Hospital cradles are not shaped like this, Recadat could say, and Vishrava must have a proxy lying around that looks less human. Or xe could simply summon a comparable drone. But she is worn out, knows how threadbare she has become, and Vishrava is right that she needs the sleep. In the prison she got so little of it, deprivation being the point, to keep her weak and hollowed-out and witless. Sleep is a treasure, a prized resource, and she doesn’t intend to be precious about it. She climbs into the bed and turns her back to Vishrava, keeping a good distance between them.

She fantasizes, as she sometimes did when she had the luxury of a bed (though in the prison none was ever this wide, this comfortable), about her life from before. Ayothaya prior to the invasion, her work in public security—work that was just and which she believed in, a partner she could trust at her back and for whom she nursed a secret infatuation. Harmless, at that point. Then came the graveyard world and the Mandate’s game in which she competed to obtain her heart’s desire—and lost.

Every ligament in her turns rigid when Vishrava’s arm falls on her waist. “You said you weren’t going to touch me.”

“Not any more than a hospital cradle. I’m going to move a little closer to you. Is that all right?”

Recadat nearly says no. Defiance pushes her to say, “Yes.” Because why should she be afraid of this—why should she be so abject, so despicable to herself. Chun Hyang was years ago and she will not fall into an AI’s thrall again, be manipulated into that cocktail of lust and terror. Instead she must separate her cowering animal part from the rest of her, and show it no pity.

Vishrava pulls her close, tucking her against those soft breasts, that soft waist.
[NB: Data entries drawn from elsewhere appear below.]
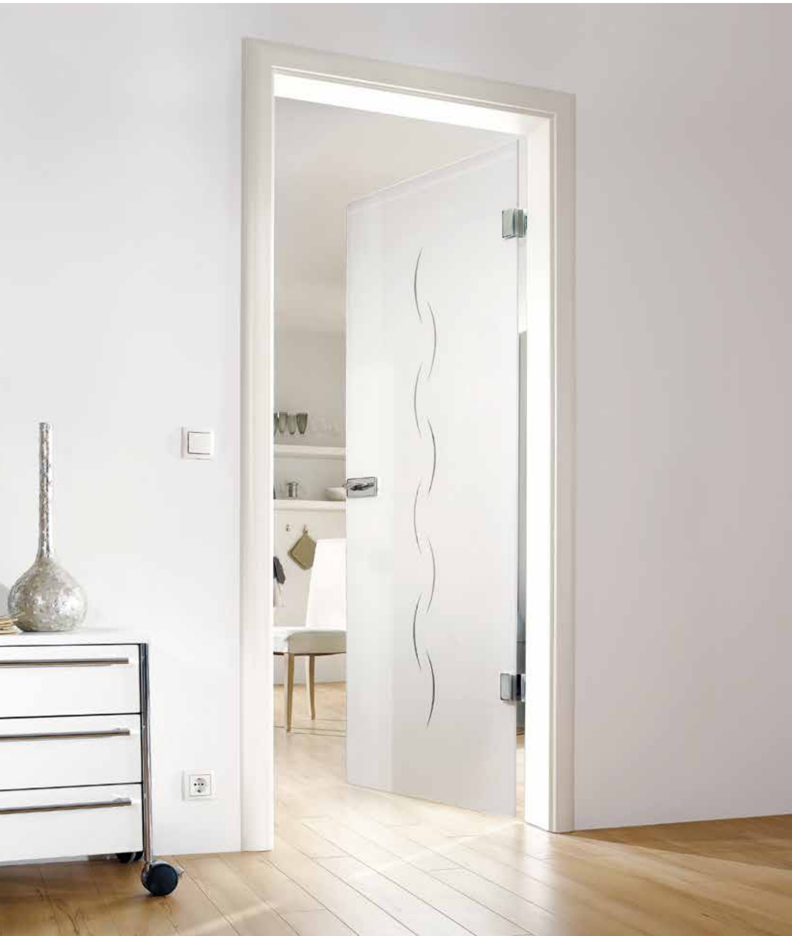
Drehtür 1-fig. | Glasdesign: Alinea, Motiv klar/Fläche matt, auch als Glasschiebetür und VSG-Tür | Beschlagset: Square 2.0, ähnl. Chrom Glanz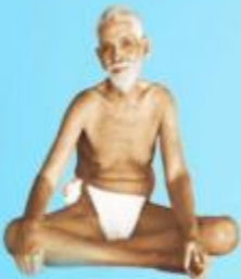
గురు రమణ మహర్షి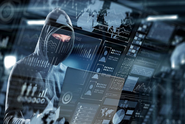
યુવાને પૈસા ચુકવવા ટ્રાન્ઝેક્શન કર્યું ત્યારે ખબર પડી કે ભેંસ નથી: બેંકે જઈ તપાસ કરતાં ફોંડ ધયાની ખબર પડી

રાજકોટ,તા.૭ સાયબર ગઠીયાઓ રોજબરોજ ઓનલાઇન શિકાર બનાવી લોકોને છેતરી લાખો ઉંચેરી લેતાં હોય છે. વધુ એક ઘટના સામે આવી છે જેમાં યુવાને ભેંસ ખરીદવા માટે લીધેલી લોનની રકમ તેના ખાતામાં જમા થઈ હતી તે રકમ બારોબાર ઉપડી ગઈ હતી. ગજબની આ સાયબર ફોંડની ઘટનાની પોલીસે તપાસ શરૂ કરી છે.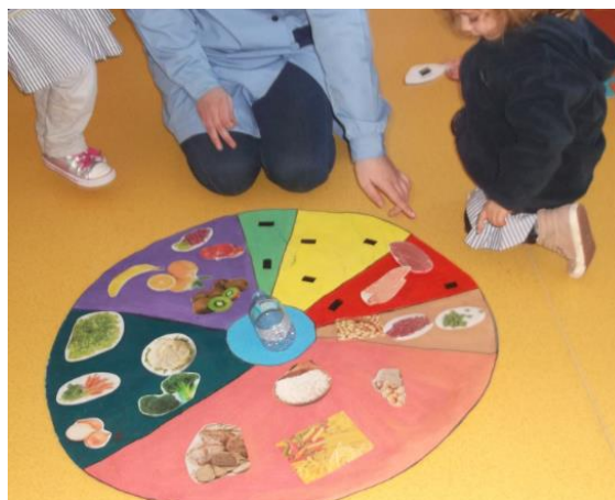
Figura 1. 4 - Construção da roda dos alimentos.

No início da prática de ensino supervisionada explorámos a Roda dos alimentos , falando dos alimentos que a constituem e da forma como estão agrupados. Embora não fizesse parte das estratégias de intervenção educativa, a construção desta maquete (figura 1.3) foi importante porque passou a ser parte integrante do cenário da sala de atividades, permitindo-nos recorrer ao conteúdo da Roda dos alimentos , sempre que necessitávamos.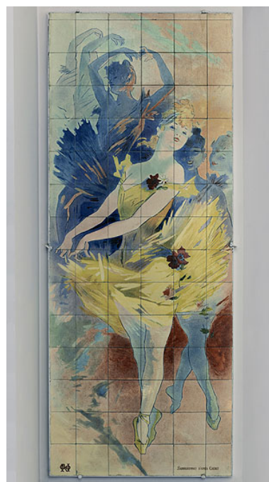
Vue de l'un des quatre panneaux exécutés par la faïencerie de Sarreguemines d'après des dessins de l'affichiste Jules Chéret, fin du XIXe siècle-début XXe siècle. Danseuse au tutu jaune. Autr. Jules (dessinateur) Chéret, Autr. Faïencerie de Sarreguemines (entreprise) IVR11_20089500227NUC4A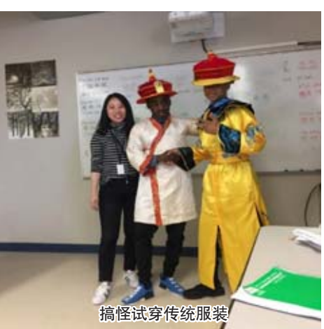
搞怪试穿传统服装

但是我需要建立和学生之间的情感联系,需要学习一些课堂管理的小技巧。于是借助网络进行恶补,其中我从 YouTube(一个视频网站)上学到了如何和学生增进感情、如何设置课堂的各个环节的活动,等等。比如,学生刚进教室都很兴奋,逮着机会就跟同学聊得热火朝天,不得安静,此时我需要 bellwork(进门作业),也就是说学生一进教室就让他们忙起来,并把这个养成习惯。又比如说,学会“二皮脸”,有些学生非常叛逆, I don't care(我不在乎)成为口头禅。过去我会想你自己都不在乎你自己,我想帮你也帮不上啊。现在我每次都会笑着说, but I care(但是我在乎)。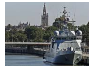
Uno de los buques.

Mientras, fuentes de Aena señalaron que el ensayo del desfile de diversos aviones provocó ayer retrasos de hasta una hora y media en al menos veinte vuelos. ● R.S.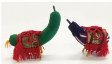
大きさ：茄子 縦6.5cm×横10cm程度 胡瓜 縦6cm×横9cm程度

正絹ちりめんで盆飾りの茄子と胡瓜をつくります。胡瓜の馬と茄子の牛の飾りは先祖や故人への「道しるべ」と「おもてなし」を形にしたものです！手作りの可愛い飾り物でお盆をお迎えしましょう！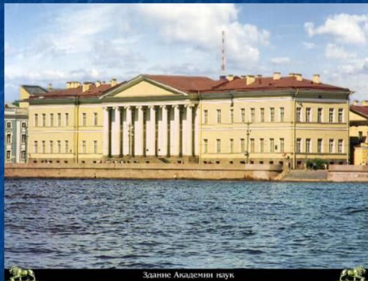
Здание Академии наук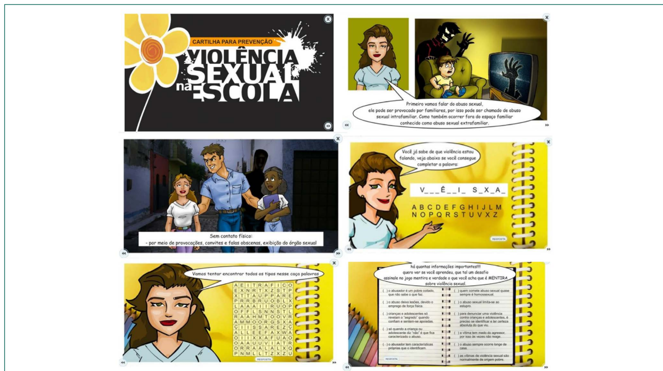
Figura 2. Algumas telas da cartilha digital “Cartilha para prevenção: violência sexual na escola”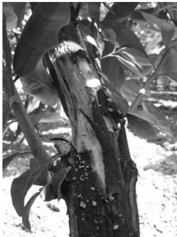
شکل ۲- علائم پوسته پوسته شدن تنه (پرتقال روی پایه نارنج)

عبارت از علائم نقش برگ بلوطی روی پهنک برگ و نقوش ایجاد شده روی برگ‌های جوان (شکل ۱)، پوسته پوسته شدن تنه اصلی (شکل ۲) و شاخه‌ها (شکل ۳) بود. از درختان دارای آلودگی عکس‌برداری شد و مناطق دارای درختان آلوده مشخص گردید، تا جهت ردیابی‌های سرولوژیکی و مولکولی آزمایشات تکمیلی در مورد آنها انجام پذیرد.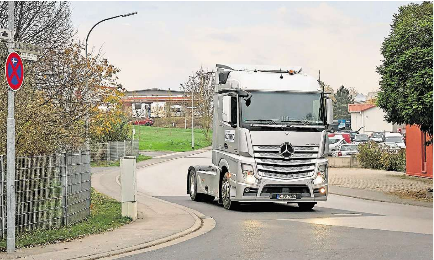
Mit der Technologie der Götting KG unterwegs: Schwerlastler ohne Fahrer am Steuer.

Götting KG aus Röddensen bringt das autonome Fahren voran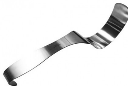
DEAVER RETRACTOR 2 X 13 H.P.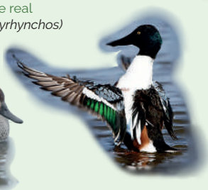
Cuchara ( Spatula clypeata )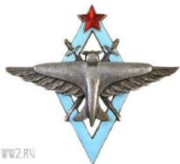
Знак об окончании авиационного училища до 1945 г.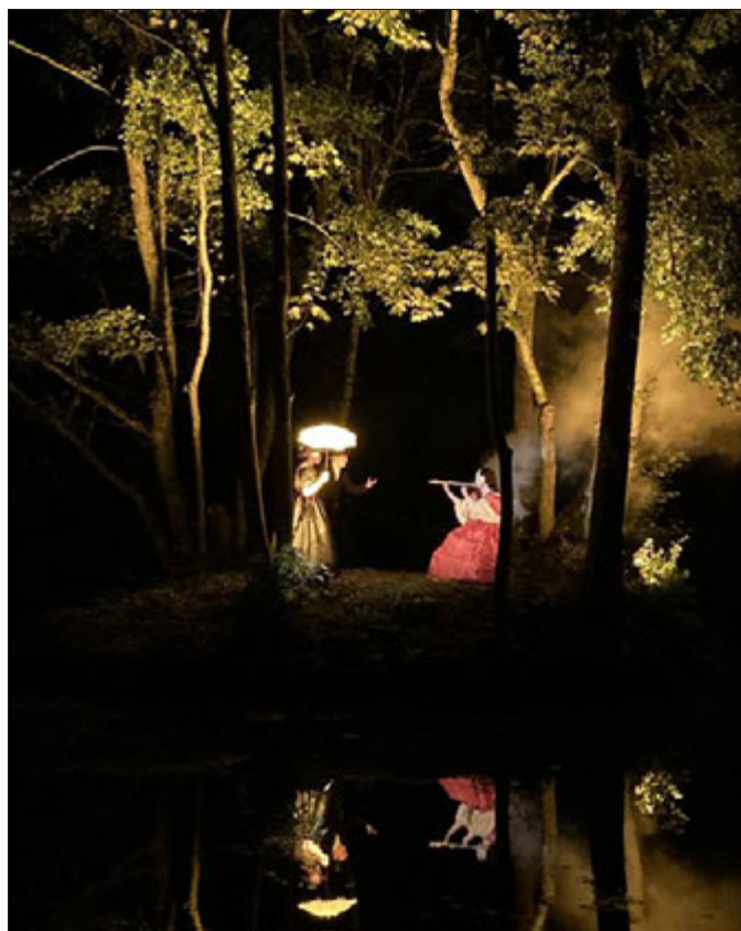
Plusieurs tableaux vivants sont à découvrir tout au long de la flânerie.

La Balade merveilleuse, c'est simple, on peut y aller les yeux fermés, tout en les ouvrant bien grands. Ce sera la plus beau des remerciements qui pourra être fait aux quelque 150 bénévoles qui, pendant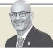
David Razú "El auge de la IA detona una ola de inversión en infraestructura" - P. 18

Conflicto. La Fiscalía capitalina informa por correo a la gobernadora sobre la inconformidad del senador, aunque aclara que no está imputada; aun así, la panista responde que es una "persecución política pura"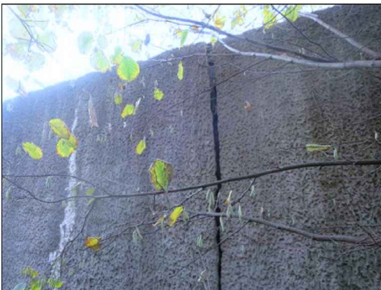
DTTO - separace pokračuje i na líc parapetní zdi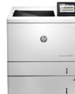
HP Color LaserJet Enterprise M553 -tulostinsarja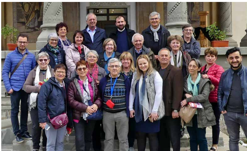
Les Loupiaciens et leurs hôtes roumains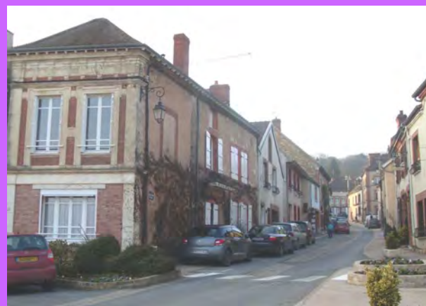
La trame viaire sinueuse, reliant les trois places principales du village, est structurée par l'alignement et la continuité du cadre urbain sur la voie.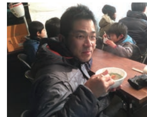
歳末夜警後にどん汁を一杯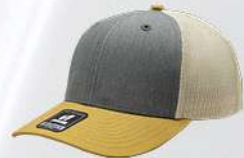
HEATHER GREY / MUSTARD / STONE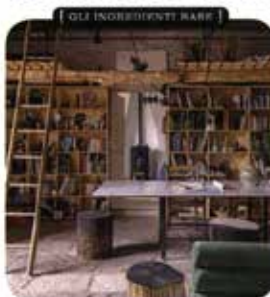
GLI INGREDIENTI RARI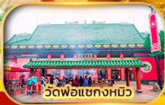
วัดพ่อแชกงหมิว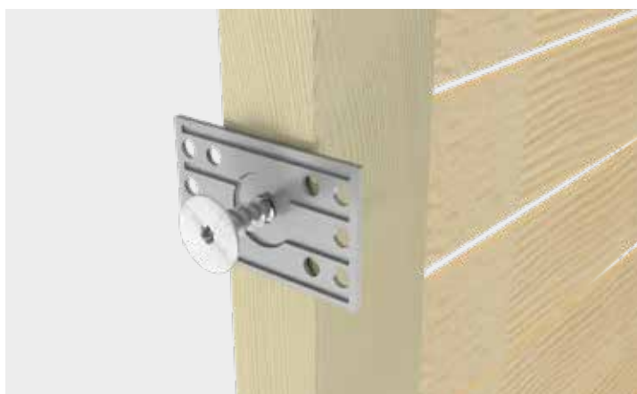
Montaż zestawu okuć do płotów plecionych na module ogrodzeniowym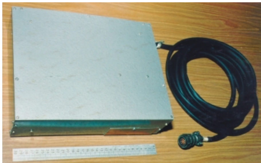
Рис. 3. Бортовой регистратор перед установкой в локомотив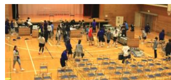
片付けは1年2組と役員さん達 (準備は1年1組でした)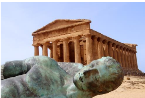
Griekse tempel in Agrigento

Ten slotte rijden we de Etna op, tot aan het hoogst bereikbare punt en beklimmen daarna daar de helling tot aan de liften naar de top, maar helaas zijn deze dan niet in gebruik.

They are astonishingly lifelike; she wonders why the AI bothers to have them rather than keeping xer proxy featureless, a map of minimalism. It is what she would have done—to be a creature that admits no vulnerability, to be anonymous and numinous. An instrument of pure will and might.

The thought lulls her to sleep, though by the time she wakes Vishrava is gone, xer side of the bed as smooth and uncreased as though Recadat slept alone the entire night.